Penelope zips up her hoodie and sucks in air through her nose to steady her breath.
“Hi,” she says.
They’re staring at her. It’s easy to see why: she and Björn are bloody and dirty.
“We’ve had an accident,” she says. “We need to borrow a phone.”
Tortoiseshell butterflies flutter over the goosefoot and horsetail growing in the ditch.
The man nods and hands his phone to Penelope.
“Thanks,” Björn says, although he keeps his eyes glued on the road and into the forest.
“What happened?” the man asks.
Penelope doesn’t know what to say. Tears begin to stream down her cheeks.
“An accident,” Björn says.
“Oh my God,” the woman in the tennis dress hisses to her boyfriend. “She’s that bitch.”
“Who?”
“The bitch on TV the other day who was criticizing our Swedish exports.”
Penelope doesn’t hear. She tries to smile engagingly at the young woman as she taps out Claudia’s number. But her hands are shaking too hard and she hits the wrong number. She has to stop and try again. Her hands shake so fiercely she’s afraid she’ll drop the phone. The young woman is whispering into her boyfriend’s ear.
She plants herself in front of Penelope. “Tell me something. Do you think that hardworking people, people working sixty hours a week, are supposed to pay for people like you to just say whatever the hell you want on some television program?”

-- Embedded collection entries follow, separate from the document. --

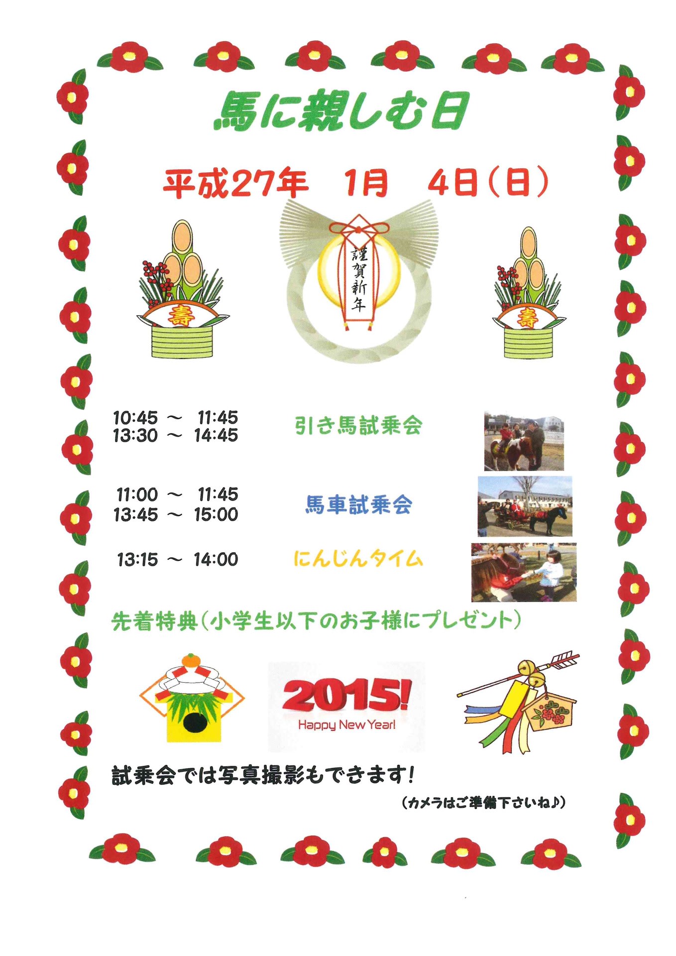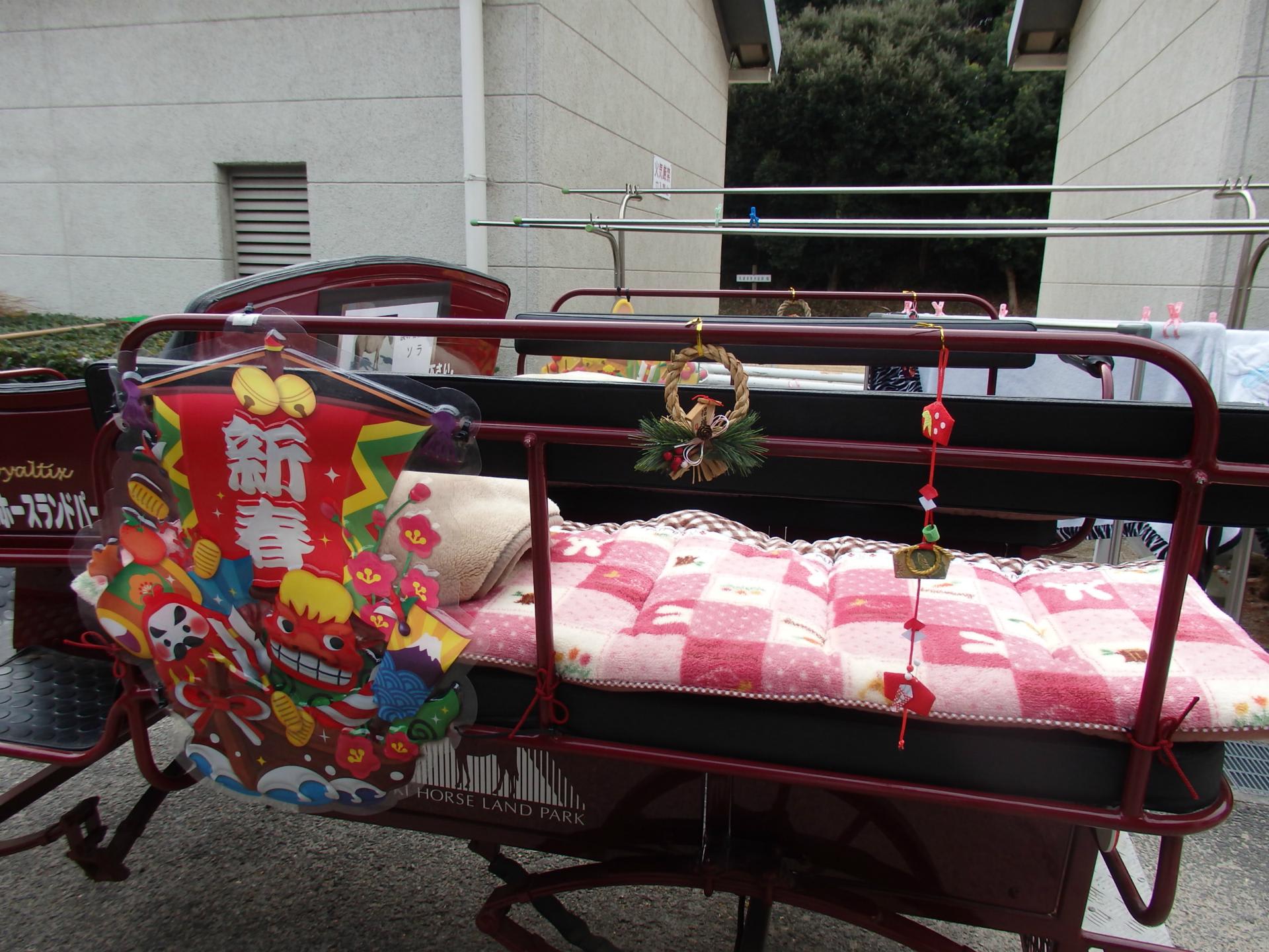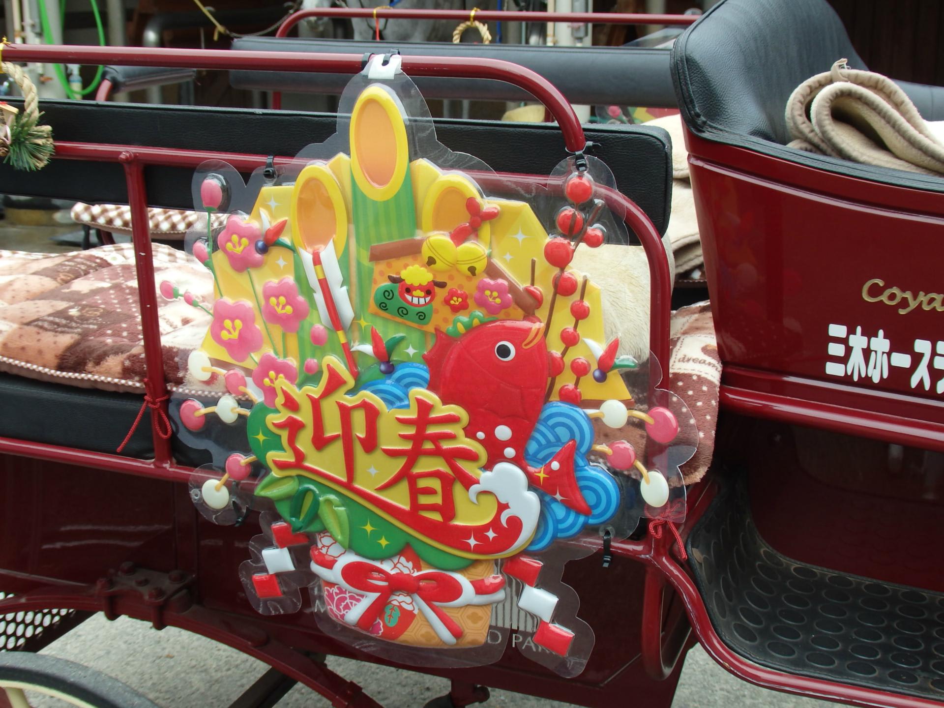 お正月らしい装いのポニーや、
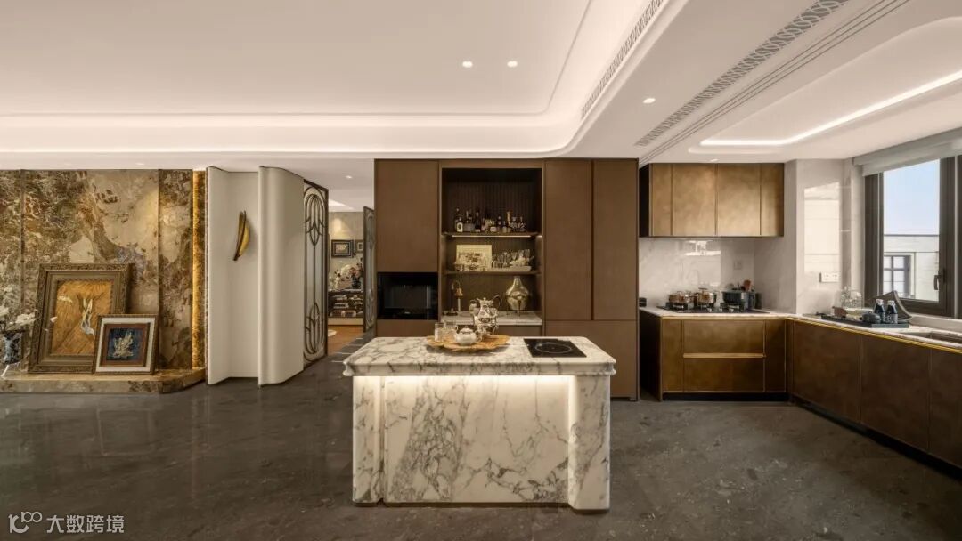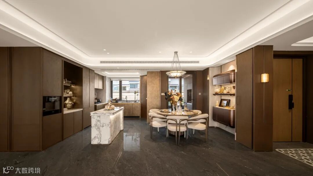 室内遵循小家化、全场景理念,通过大面宽户型设计,最大化引入自然光;吊顶摒弃繁复装饰,应用定制化一体成型蜂窝不锈钢,确保结构稳定与美观统一,打造酒店级隐逸体验。
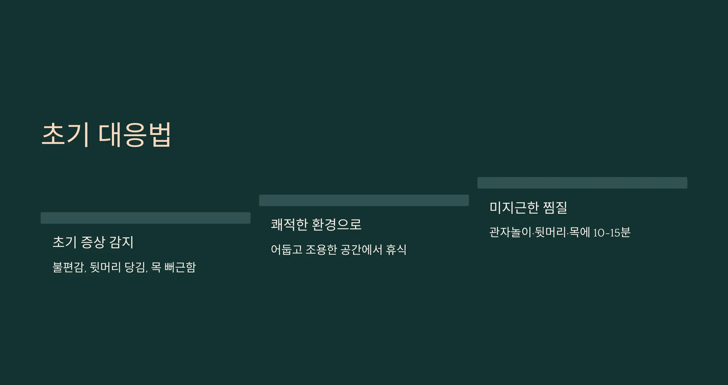 - 관자놀이·뒷머리·목 뒷부분에 10~15분간 따뜻한 찜질을 해주세요.
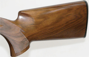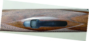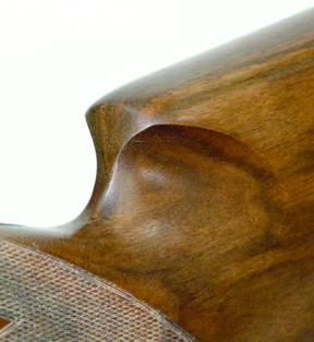 Most of all it’s the broad comb that stands out. I personally found it very comfortable finished not in the usual tapered, round point but in what’s best described as a chamfered square section. Forming a feature of the stock in its own right, like the ornamentation you’ll either appreciate the comb nose style or won’t. The profile has allowed the scalloping between the grip and the stock head to be deeper profiled than usual so keeping the shooter’s hand in a more vertical position, whilst the palm swell’s profile have been designed to help the hand replicate the exact same hold, while the stock still promote ease and fluidity of movement.
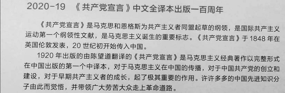 圖5:【《共產黨宣言》中文全譯版出版一百周年】紀念郵票簡介

Penelope can’t comprehend why the young woman is so angry. She’s unable to concentrate on her question. Her thoughts whirl as she anxiously scans the area between the trees while she hears the signal go through. The ringing crackles. It sounds far away.
“So real work’s not good enough for you?” The woman is really working herself up.
Penelope pleads with Björn with her eyes to help her out here and calm the woman down. She sighs as she hears her mother’s voice on the answering machine.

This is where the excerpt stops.